# Running xhhw-2 in pvc conduit



## Deep Cover (Dec 8, 2012)

You can't run type SE cable underground. You don't have any problem running individual XHHW conductors in PVC underground.


----------



## jarhead0531 (Jun 1, 2010)

Who is the electrician?? Have you checked the code book for acceptable uses of xhhw-2? Being a **** on purpose, you are fine. USE or URD is direct burial without any conduit if soil conditions permit. XHHW-2 is fine in conduit, just did the same myself but used #2 for 100A.

In the future when a homeowner gives you ****, look in your book, show him why your right, and then smack him upside the head with the NEC to remind who the electrician is...


----------



## Hexamexapex (Jun 9, 2012)

Deep Cover said:


> You can't run type SE cable underground. You don't have any problem running individual XHHW conductors in PVC underground.

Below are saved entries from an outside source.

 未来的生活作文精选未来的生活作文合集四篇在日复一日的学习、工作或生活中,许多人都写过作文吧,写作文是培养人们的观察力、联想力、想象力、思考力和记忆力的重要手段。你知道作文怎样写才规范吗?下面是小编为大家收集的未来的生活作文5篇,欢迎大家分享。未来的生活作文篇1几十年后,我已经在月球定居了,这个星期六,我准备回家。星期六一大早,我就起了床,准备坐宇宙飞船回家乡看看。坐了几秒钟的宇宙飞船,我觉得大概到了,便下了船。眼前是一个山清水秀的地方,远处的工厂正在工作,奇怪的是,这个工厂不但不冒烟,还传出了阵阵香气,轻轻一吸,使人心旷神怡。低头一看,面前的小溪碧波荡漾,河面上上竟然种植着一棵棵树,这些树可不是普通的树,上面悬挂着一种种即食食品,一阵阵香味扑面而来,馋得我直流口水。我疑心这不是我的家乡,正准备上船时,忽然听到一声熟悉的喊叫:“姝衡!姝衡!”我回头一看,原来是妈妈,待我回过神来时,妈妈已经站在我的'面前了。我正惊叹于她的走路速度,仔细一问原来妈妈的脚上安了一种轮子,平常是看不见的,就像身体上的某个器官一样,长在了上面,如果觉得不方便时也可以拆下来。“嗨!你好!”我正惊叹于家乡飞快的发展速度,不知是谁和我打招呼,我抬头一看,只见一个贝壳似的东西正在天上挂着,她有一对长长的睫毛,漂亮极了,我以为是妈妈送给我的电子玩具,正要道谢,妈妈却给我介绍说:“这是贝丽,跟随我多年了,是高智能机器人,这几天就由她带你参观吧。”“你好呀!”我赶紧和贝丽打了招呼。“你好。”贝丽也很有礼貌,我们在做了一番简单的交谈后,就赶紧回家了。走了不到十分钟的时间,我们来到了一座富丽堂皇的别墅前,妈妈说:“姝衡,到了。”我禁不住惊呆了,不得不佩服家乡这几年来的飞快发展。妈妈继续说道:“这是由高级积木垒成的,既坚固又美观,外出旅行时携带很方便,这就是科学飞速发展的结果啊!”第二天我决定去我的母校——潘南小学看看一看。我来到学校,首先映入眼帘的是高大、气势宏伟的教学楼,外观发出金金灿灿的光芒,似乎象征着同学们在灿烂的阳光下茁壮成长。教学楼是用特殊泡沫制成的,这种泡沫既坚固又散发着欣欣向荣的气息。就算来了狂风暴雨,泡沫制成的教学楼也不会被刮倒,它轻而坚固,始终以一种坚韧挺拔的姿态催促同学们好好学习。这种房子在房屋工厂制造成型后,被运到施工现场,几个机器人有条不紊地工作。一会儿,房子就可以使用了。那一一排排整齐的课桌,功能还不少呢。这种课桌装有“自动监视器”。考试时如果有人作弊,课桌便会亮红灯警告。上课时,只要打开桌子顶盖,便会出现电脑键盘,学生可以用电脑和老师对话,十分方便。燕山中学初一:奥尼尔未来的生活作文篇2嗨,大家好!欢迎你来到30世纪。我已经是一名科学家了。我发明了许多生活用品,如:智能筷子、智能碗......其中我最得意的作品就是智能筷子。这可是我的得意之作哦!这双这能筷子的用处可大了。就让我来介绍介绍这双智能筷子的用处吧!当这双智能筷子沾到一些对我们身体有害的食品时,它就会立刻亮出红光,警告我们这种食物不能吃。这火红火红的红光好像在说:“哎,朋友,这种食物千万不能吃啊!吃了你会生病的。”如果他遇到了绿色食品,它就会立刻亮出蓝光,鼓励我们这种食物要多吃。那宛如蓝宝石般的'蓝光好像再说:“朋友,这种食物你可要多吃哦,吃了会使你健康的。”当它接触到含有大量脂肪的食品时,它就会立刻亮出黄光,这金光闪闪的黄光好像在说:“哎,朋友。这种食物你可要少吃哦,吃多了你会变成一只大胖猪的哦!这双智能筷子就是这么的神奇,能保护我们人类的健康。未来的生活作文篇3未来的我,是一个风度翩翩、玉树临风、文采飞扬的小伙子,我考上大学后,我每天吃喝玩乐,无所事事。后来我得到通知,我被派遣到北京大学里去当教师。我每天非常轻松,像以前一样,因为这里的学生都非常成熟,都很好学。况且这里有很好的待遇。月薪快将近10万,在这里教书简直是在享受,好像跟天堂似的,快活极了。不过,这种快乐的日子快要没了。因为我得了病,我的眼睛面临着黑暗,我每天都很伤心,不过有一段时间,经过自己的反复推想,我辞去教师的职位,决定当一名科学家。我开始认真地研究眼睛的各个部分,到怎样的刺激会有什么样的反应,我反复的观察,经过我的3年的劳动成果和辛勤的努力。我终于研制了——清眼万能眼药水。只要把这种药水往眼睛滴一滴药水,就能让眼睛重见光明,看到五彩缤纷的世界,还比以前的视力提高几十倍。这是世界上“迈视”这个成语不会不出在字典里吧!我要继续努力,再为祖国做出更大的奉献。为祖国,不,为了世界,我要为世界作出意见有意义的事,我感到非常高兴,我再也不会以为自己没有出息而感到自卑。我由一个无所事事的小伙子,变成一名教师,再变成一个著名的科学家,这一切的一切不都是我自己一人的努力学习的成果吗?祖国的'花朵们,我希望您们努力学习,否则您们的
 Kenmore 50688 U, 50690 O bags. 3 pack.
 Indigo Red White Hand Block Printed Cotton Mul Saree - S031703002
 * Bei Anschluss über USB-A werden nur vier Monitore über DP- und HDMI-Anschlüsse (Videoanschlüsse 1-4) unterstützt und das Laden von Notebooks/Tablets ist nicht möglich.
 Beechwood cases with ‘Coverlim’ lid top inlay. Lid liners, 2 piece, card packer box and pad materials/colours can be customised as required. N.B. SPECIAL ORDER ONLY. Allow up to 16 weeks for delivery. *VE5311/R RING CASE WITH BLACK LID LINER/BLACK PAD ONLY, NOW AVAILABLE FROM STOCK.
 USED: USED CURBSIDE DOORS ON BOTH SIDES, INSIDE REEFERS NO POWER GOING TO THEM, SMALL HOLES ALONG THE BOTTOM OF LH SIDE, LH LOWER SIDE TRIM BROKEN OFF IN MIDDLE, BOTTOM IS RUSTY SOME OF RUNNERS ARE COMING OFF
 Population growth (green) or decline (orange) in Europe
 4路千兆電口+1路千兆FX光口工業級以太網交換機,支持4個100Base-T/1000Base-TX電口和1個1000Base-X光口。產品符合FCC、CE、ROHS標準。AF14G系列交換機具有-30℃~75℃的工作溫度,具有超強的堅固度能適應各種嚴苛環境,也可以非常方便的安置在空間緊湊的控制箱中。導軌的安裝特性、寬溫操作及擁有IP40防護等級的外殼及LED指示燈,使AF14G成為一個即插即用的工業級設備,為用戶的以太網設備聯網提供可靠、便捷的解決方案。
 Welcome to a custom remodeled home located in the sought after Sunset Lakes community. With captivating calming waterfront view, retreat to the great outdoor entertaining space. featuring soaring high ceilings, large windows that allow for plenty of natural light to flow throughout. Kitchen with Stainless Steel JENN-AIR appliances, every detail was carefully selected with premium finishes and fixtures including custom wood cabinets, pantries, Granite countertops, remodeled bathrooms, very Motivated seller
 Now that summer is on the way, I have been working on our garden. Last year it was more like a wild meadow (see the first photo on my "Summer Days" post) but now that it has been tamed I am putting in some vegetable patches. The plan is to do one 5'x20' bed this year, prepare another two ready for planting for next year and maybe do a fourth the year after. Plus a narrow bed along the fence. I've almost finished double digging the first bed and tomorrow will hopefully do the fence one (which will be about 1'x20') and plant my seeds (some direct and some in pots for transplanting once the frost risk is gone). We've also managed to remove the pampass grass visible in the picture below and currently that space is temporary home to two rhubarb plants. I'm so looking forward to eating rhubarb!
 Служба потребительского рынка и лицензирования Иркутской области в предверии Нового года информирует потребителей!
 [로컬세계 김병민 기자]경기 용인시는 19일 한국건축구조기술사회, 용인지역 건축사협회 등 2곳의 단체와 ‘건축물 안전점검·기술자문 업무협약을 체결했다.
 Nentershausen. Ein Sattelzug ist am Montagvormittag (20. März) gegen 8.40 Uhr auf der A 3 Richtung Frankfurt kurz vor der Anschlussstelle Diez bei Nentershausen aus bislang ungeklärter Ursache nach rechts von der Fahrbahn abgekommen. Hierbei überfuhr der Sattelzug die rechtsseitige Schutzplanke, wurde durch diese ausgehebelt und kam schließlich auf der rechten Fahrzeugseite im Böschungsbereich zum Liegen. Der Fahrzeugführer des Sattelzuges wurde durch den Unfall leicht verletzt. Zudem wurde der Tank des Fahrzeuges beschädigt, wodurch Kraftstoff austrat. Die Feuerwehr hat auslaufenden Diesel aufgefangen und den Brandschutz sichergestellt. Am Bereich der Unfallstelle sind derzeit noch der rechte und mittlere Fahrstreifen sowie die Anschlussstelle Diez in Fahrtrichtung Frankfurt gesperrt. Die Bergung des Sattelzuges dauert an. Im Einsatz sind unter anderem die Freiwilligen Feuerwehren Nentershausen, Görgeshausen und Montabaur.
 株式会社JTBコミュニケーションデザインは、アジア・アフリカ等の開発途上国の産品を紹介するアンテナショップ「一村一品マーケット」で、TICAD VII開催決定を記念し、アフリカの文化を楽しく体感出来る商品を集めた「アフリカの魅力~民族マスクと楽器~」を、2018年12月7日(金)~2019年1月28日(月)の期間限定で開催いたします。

So running #6 XHHW-2 cable in 1" schedule 80 underground should be permissible?


----------



## Hexamexapex (Jun 9, 2012)

jarhead0531 said:


> Who is the electrician?? Have you checked the code book for acceptable uses of xhhw-2? Being a **** on purpose, you are fine. USE or URD is direct burial without any conduit if soil conditions permit. XHHW-2 is fine in conduit, just did the same myself but used #2 for 100A.
> 
> In the future when a homeowner gives you ****, look in your book, show him why your right, and then smack him upside the head with the NEC to remind who the electrician is...


Touché!


----------



## Hexamexapex (Jun 9, 2012)

jarhead0531 said:


> Who is the electrician?? Have you checked the code book for acceptable uses of xhhw-2? Being a **** on purpose, you are fine. USE or URD is direct burial without any conduit if soil conditions permit. XHHW-2 is fine in conduit, just did the same myself but used #2 for 100A.
> 
> In the future when a homeowner gives you ****, look in your book, show him why your right, and then smack him upside the head with the NEC to remind who the electrician is...


Actually I just checked 2008 NEC. It seems type SE cable is not permitted with or without conduit underground. XHHW-2 Cable is considered type SE cable right. Looks like I was wrong.


----------



## Deep Cover (Dec 8, 2012)

No...XHHW is a type of conductor (insulation type). SE is a type of cable. Type SE cable utilizes type XHHW conductors.


----------



## Techy (Mar 4, 2011)

Hexamexapex said:


> Actually I just checked 2008 NEC. It seems type SE cable is not permitted with or without conduit underground. XHHW-2 Cable is considered type SE cable right. Looks like I was wrong.



No, type SE cable, a lot of the time has xhhw-2 insulation.


#6 XHHW-2 individual conductors are not Type SE Cable


----------



## Hexamexapex (Jun 9, 2012)

Deep Cover said:


> No...XHHW is a type of conductor (insulation type). SE is a type of cable. Type SE cable utilizes type XHHW conductors.


I should have recognized that earlier. Thanks!


----------



## Cow (Jan 16, 2008)

jarhead0531 said:


> Who is the electrician?? Have you checked the code book for acceptable uses of xhhw-2? Being a **** on purpose, you are fine. USE or URD is direct burial without any conduit if soil conditions permit. XHHW-2 is fine in conduit, just did the same myself but used #2 for 100A.
> 
> In the future when a homeowner gives you ****, look in your book, show him why your right, and then smack him upside the head with the NEC to remind who the electrician is...


Making assumptions.....:whistling2:

How's the crow taste?


----------